I concur. We have a lot of predators. The coydogs are the only ones I'm afraid of. I respect them all, but I'm afraid of the coydogs, and they are not afraid of me.


----------



## toth boer goats (Jul 20, 2008)

I too agree.


----------



## PattyNH (Sep 29, 2018)

Morning Star Farm said:


> If you had an LGD in the past and don't want to train a puppy, you could look for a mature fully trained dog. That's what I did because I did not want to deal with a puppy. I'm actually selling my LGD now because I don't have any more goats, but she adapted very well when I bought her and was amazing with predators. I had expensive Nigerians too. It was wonderful to have a dog who knew what to do and could teach me.
> 
> If you do get a donkey, you need to make sure it's good with goats and very alert. I had one and she was fine with goats but could care less if anything came in the pasture. She completely ignored bobcats and coyotes. Now I have had people who have had success with small herds killing packs of course, but they have to be good guardians to begin with. Also, a mountain lion can easily kill one donkey by itself. Of course they can kill a dog too, but their main defense is their bark. I didn't even see any more coyotes after I got my LGD. Before I got her, they had been jumping in my fences. Good luck in finding the perfect guardian for your herd! It sure makes you a lot more comfortable when you know your animals are well guarded!


Where abouts are you? I've been looking for an LGD...


----------



## Nudanud (Mar 1, 2018)

I know a lot of people probably won’t agree with this but....I’d use the pig as my Livestock Guardian Animal! 
I know a lot of people say not to raise pigs with goats but I’ve never had a problem with them on the same pasture together. I’m sure it depends greatly on how much time you spend with the animals too but well fed pigs have no interest in killing for sport..too lazy, and if they bond with the goats, bet your bottom dollar no coyote/dog or mix is gonna get anywhere near them.
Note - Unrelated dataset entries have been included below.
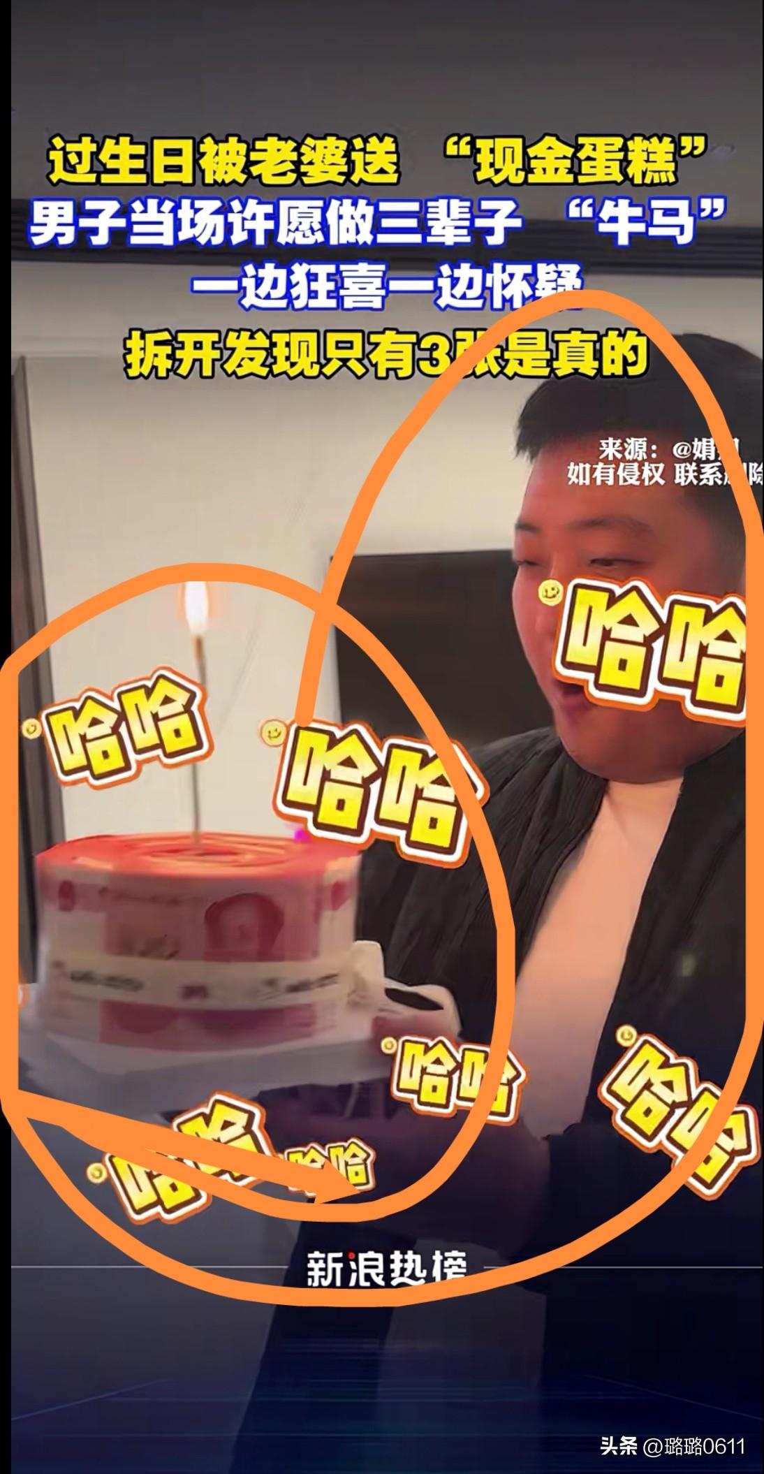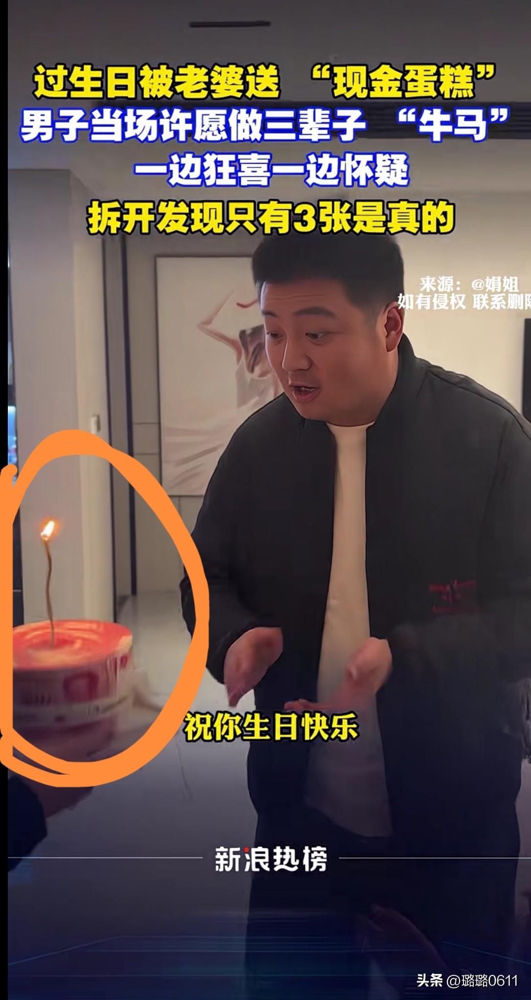 贵州男子生日收到老婆“现金蛋糕”,狂喜许愿做三辈子牛马,拆开瞬间傻眼了! 家人们谁懂啊!贵州一老哥过生日,老婆直接整了个超有排面的“现金蛋糕”! 看着这满满当当的人民币造型,老哥当场就绷不住了,一边狂喜一边嘴都合不拢,当场许愿要给老婆做三辈子牛马,那激动的样子,隔着屏幕都能感受到幸福! 结果拆的时候越拆越不对劲,满心期待地一张张翻,最后发现整整一蛋糕,居然只有3张是真钱! 前一秒还在幸福到上头,下一秒直接从云端跌回地面,这反差感直接拉满! 网友笑疯:这哪是生日惊喜,这是大型“诈骗”现场! 果然夫妻之间的浪漫,全是套路啊!不过能被老婆这么整蛊,也是满满的爱了吧😂
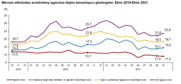 Zamana bağlı eksik istihdam, potansiyel işgücü ve işsizlerden oluşan atıl işgücü oranı 2021 yılı Ekim ayında bir önceki aya göre 1 puan artarak yüzde 22,8 oldu. Zamana bağlı eksik istihdam ve işsizlerin bütünleşik oranı yüzde 15,6 iken, potansiyel işgücü ve işsizlerin bütünleşik oranı yüzde 18,7 olarak gerçekleşti.
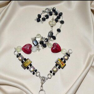 This necklace tells a story of devotion and artistry, showcasing St. Teresa's image encased in glass. The intricate silverwork and vibrant beads make each piece unique. A blend of vintage elements weaves a timeless narrative, perfect for those who cherish meaningful craftsmanship.
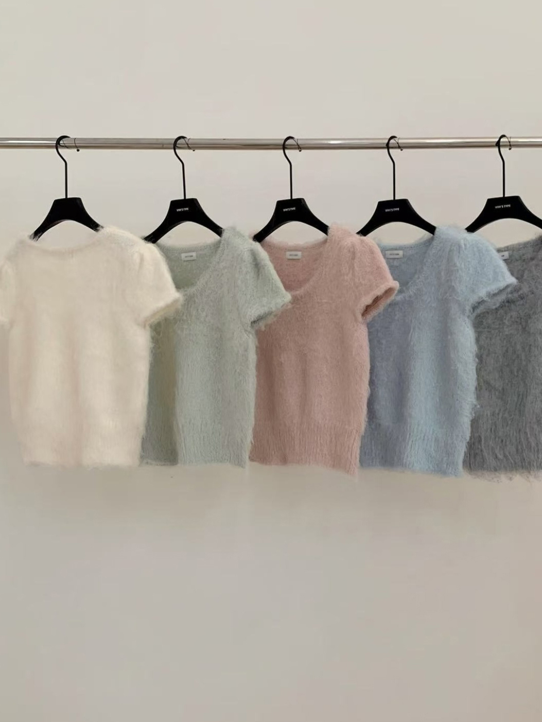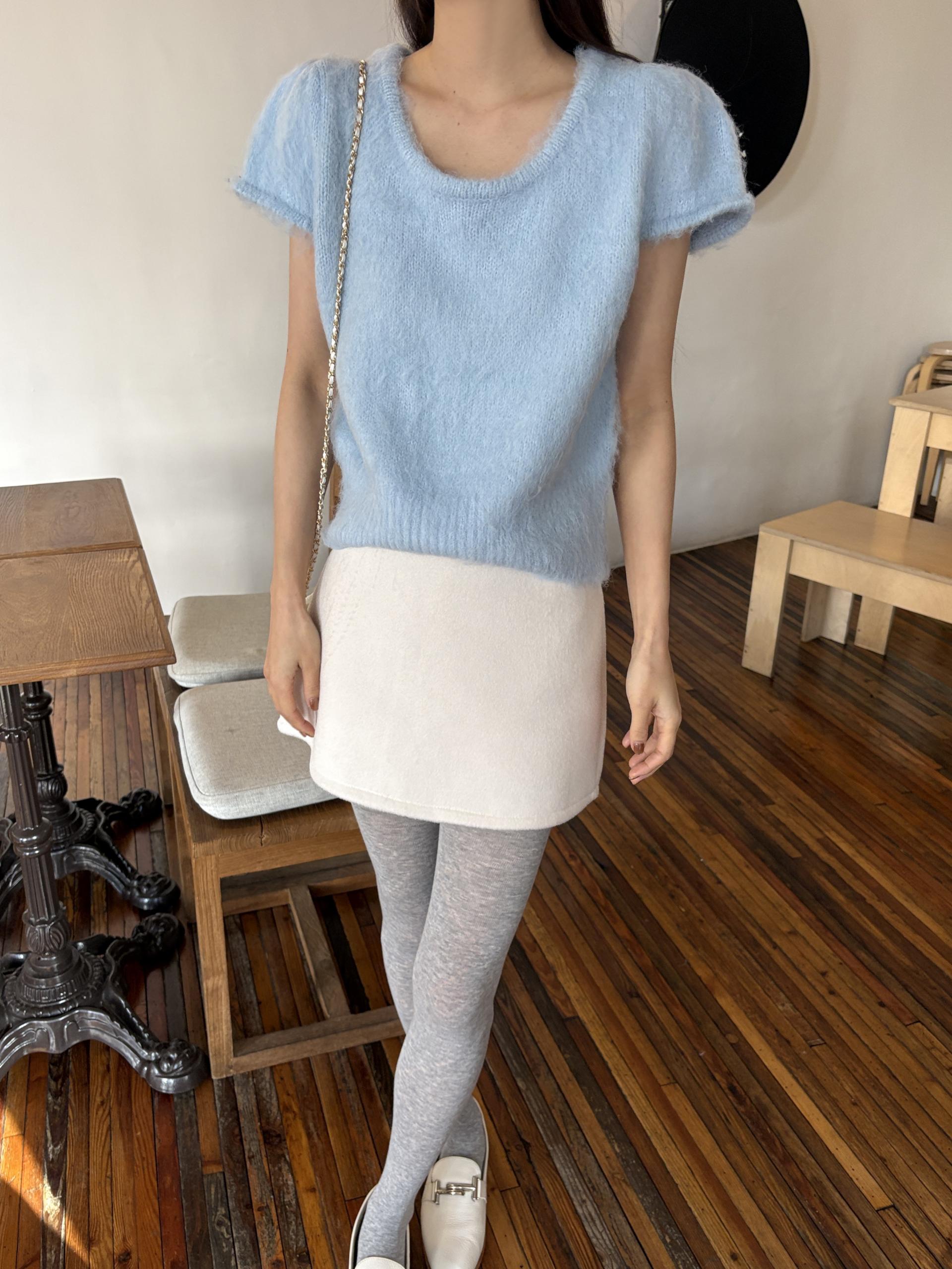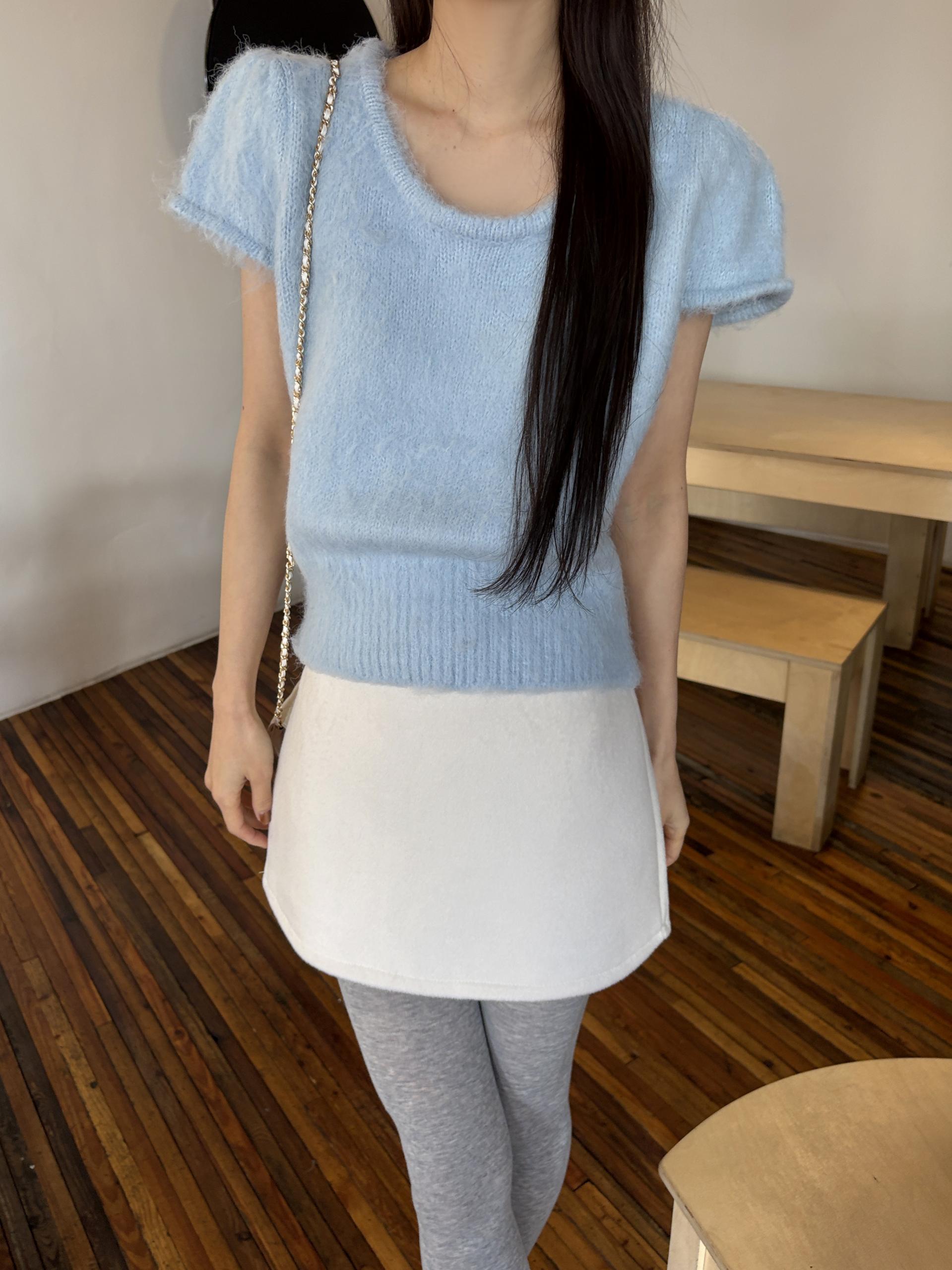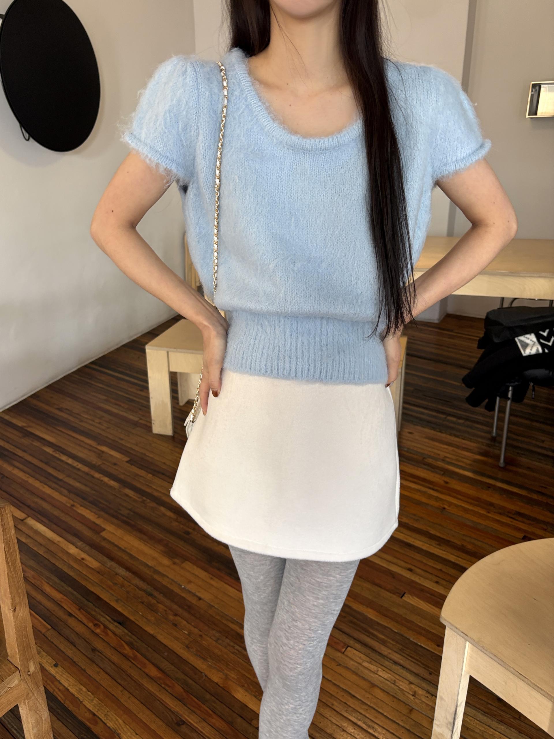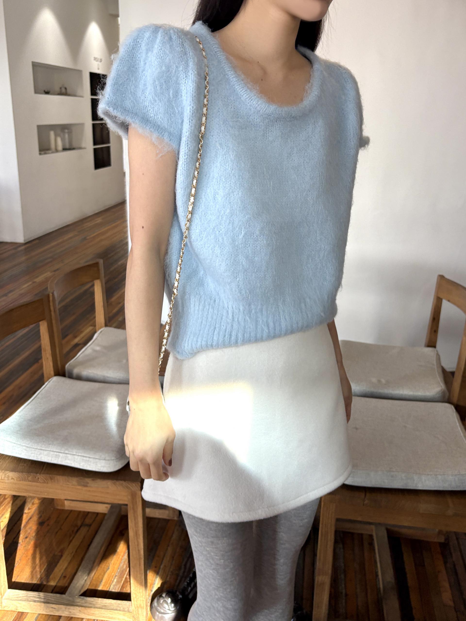 보송하게 결이 살아있는 헤어리 텍스처가 매력적인 반팔 니트입니다.

I don’t care how big those suckers are...

We had 3 pigs, mini horse and 4 goats together all last summer on pasture and the Shetland pony was the best of friends with one of the gilts. 
I don’t know a lot about horses but our Shetland also makes a pretty mean guardian...from what I’ve been told, that’s pretty much a true blue personality trait in those. So maybe that’s an option instead of a donkey.


----------



## Jessica84 (Oct 27, 2011)

I don't have a guard animal so I can't help you there but if you decide to go with hot fence, even if you do get a guard animal, I swear by this unit
https://www.valleyvet.com/ct_detail...itemguid=7564bb0c-5655-435e-abf5-ad7c2465c94a
It is MEAN! I actually originally got it because I was going to kill my bucks if I had to fix fence one more time but it ended up stopping 2 dogs that were trying to get into the goats. So now it's also used to keep things out. I have touched it before on accident and I thought for sure I blew my stomach out. I've had other chargers over the years and have been nailed by them and it has always been more scary then hurt but this one hurts.


----------



## Chelsey (Dec 7, 2018)

The idea of a pig is interesting @Nudanud! There's wild pigs around here and I know the coyotes give them a wide berth. We are planning on getting a a pig this fall and while I can't put it in the goat pasture cause my children go in there to pet the goats (and I don't trust full size pigs, they can be mean) and the fencing is definitely NOT pig proof, I can move the pig pen closer to the goats and maybe pretend that they're in the pasture. Thank you @Jessica84 for the recommendation on a charger! I need one that packs a punch for the outside. I have a smaller one that I'll probably use on a portion of the fence because my kids visit the goats often and I don't want my toddler getting hit by the big one, but I don't want the goats exposed at all.


----------



## Robinsonfarm (Jul 17, 2015)

LGD really are bred and raised for their purpose, they have the instinct naturally. 
Too many times donkeys are fine for weeks, months years then they snap and end up harming or killing livestock. 
Finding an adult pair of LGD is your best option, with the large predators you really need more than one dog if at all possible.


----------